● ACTION ITEM: Give again, word for word, the line holding "Начиная с одной" and every line after it through the end of the data below. Omit pictures.

● INFORMATION SHOWN:
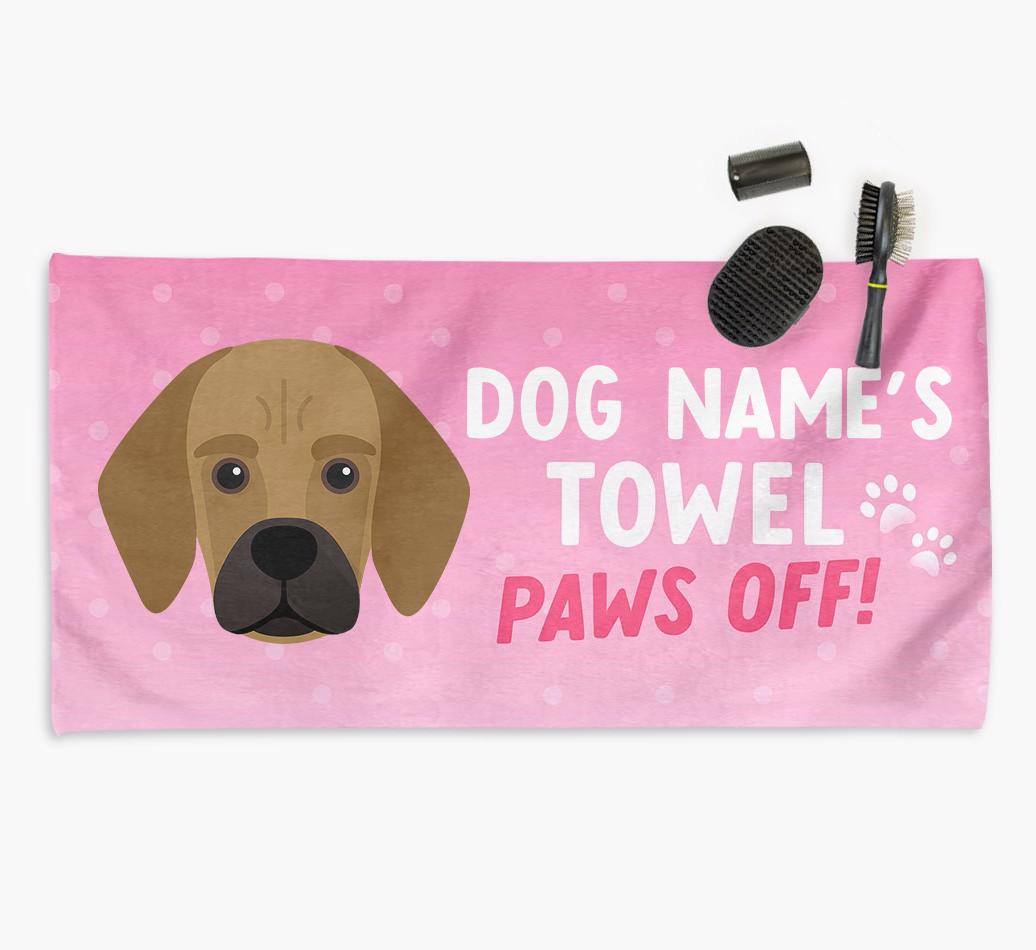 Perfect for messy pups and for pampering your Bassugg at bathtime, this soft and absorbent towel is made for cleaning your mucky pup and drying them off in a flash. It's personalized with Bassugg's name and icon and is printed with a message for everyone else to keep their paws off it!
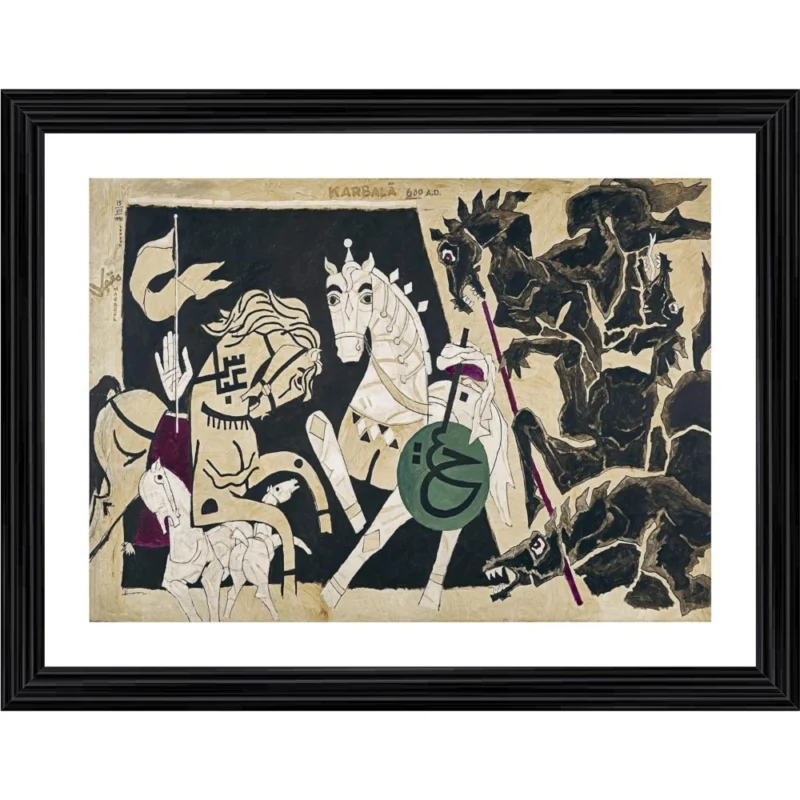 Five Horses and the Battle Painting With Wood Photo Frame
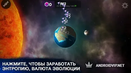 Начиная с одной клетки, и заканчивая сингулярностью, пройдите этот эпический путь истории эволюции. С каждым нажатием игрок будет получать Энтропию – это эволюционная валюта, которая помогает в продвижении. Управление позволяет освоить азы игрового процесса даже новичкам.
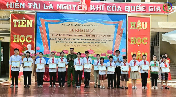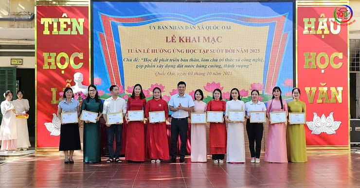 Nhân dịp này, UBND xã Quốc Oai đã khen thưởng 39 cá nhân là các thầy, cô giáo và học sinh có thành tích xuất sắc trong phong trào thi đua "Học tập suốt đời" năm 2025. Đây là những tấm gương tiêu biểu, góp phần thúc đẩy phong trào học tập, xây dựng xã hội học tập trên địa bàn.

● RESPONSE:
 Начиная с одной клетки, и заканчивая сингулярностью, пройдите этот эпический путь истории эволюции. С каждым нажатием игрок будет получать Энтропию – это эволюционная валюта, которая помогает в продвижении. Управление позволяет освоить азы игрового процесса даже новичкам.
 Nhân dịp này, UBND xã Quốc Oai đã khen thưởng 39 cá nhân là các thầy, cô giáo và học sinh có thành tích xuất sắc trong phong trào thi đua "Học tập suốt đời" năm 2025. Đây là những tấm gương tiêu biểu, góp phần thúc đẩy phong trào học tập, xây dựng xã hội học tập trên địa bàn.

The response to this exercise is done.